Duke Capital plc (LON:DUKE) is the topic of conversation when Hardman & Co’s Analyst Mark Thomas caught up with DirectorsTalk for an exclusive interview.
Q1: You called your recent initiation piece ‘Meeting customer needs, giving investors returns’, what can you tell us about it?
A1: Duke Capital’s unique product provides SMEs across diversified sectors with hybrid, long-term capital, but still allowing the existing team to retain control of the business. By optimising the best of equity and debt, the company aims to achieve equity-type returns with debt levels of risk. It has four pillars to its returns:
A senior secured loan, at interest rates typically over 12% supports their shareholders’ high dividend yield, on our estimates, currently 9%. Second, there is a participating preference share, which grows with customer revenue growth. This, incidentally, is a good inflation hedge as its value increases if borrowers pass on inflation and so grow their revenue line. The third and fourth elements are early exit fees and equity stakes, which should generate ongoing capital growth as the portfolio matures. PE-style due diligence before providing capital, and board participation after, reduces downside risk and management and shareholder interests are aligned.
The key thing, to me though, is it has a unique product, which meets specific customers’ needs and, by doing that, it can generate good returns.
Q2: You highlight the growth options they have, can you summarise them for our listeners?
A2: The company’s earnings can grow with i) more revenue in the existing book as clients grow revenue, ii) positive inflation gearing, iii) gross advances (new clients and follow-on investments), iv) operational leverage, v) exit fees, vi) increasing value in equity stakes, and vii) high barriers to entry limit competition.
Q3: What about the downside protections?
A3: Risk appears well managed with i) a highly selective approach to new deals, ii) appropriate counterparty assessment and excellent ongoing monitoring, iii) portfolio diversity and senior security, iv) active management of problem situations, and v) a floor to annual revenue adjustment.
Q4 Your note highlights how Duke Capital’s product sits between equity and debt and that it is by giving customer benefits that it can generate investor returns.
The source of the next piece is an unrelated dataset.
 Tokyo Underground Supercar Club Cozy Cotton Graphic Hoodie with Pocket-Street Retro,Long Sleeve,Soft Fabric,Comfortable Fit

What are the key customer benefits?
A4: The finance is long-term with an initial contractual term of up to 30 years. Borrowers can redeem early, but they have certainty in finance. The product is amortising, so there are no large bullet repayments to face at maturity. Unlike private equity, the control of the business stays with the current owners, who retain the vast majority of the upside if the business performs well.
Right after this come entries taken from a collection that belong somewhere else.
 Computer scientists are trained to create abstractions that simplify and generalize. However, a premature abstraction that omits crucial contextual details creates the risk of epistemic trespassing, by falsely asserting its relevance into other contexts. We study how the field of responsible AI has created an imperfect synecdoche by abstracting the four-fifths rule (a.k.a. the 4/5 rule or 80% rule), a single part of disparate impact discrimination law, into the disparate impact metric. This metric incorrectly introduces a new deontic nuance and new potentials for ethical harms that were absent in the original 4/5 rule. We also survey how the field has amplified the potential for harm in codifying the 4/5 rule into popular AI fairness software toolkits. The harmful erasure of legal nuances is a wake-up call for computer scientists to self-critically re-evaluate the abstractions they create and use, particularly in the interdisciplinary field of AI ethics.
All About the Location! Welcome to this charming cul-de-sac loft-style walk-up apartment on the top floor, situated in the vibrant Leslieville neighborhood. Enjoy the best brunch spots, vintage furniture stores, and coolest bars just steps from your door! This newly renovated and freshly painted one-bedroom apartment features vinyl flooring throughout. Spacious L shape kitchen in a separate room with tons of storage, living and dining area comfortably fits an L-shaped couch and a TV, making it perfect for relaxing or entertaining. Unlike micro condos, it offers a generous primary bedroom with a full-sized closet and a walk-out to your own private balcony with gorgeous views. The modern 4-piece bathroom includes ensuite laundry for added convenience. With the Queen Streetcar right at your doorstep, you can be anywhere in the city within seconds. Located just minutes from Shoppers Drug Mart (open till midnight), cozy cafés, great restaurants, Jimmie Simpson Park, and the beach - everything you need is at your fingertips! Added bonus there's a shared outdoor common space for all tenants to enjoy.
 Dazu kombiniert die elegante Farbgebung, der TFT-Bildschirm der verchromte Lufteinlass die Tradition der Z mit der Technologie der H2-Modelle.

Other benefits include the tax deductibility of the cost (unlike PE dividends), there are no sector limits constraining finance (unlike the banks), and covenants are sensible.
Q5: Finally, what about the risks?
A5: Counterparty risk is core to any finance provider. Currently, there is adverse sentiment to most speciality finance businesses. We see a short-term dependence on key staff. Many investors are unfamiliar with the product, there are few comparators, and the underlying assets are likely to be illiquid.
Duke Capital is a leading provider of hybrid capital solutions for SME business owners in UK, Europe, and North America, combining the best features of both equity and debt.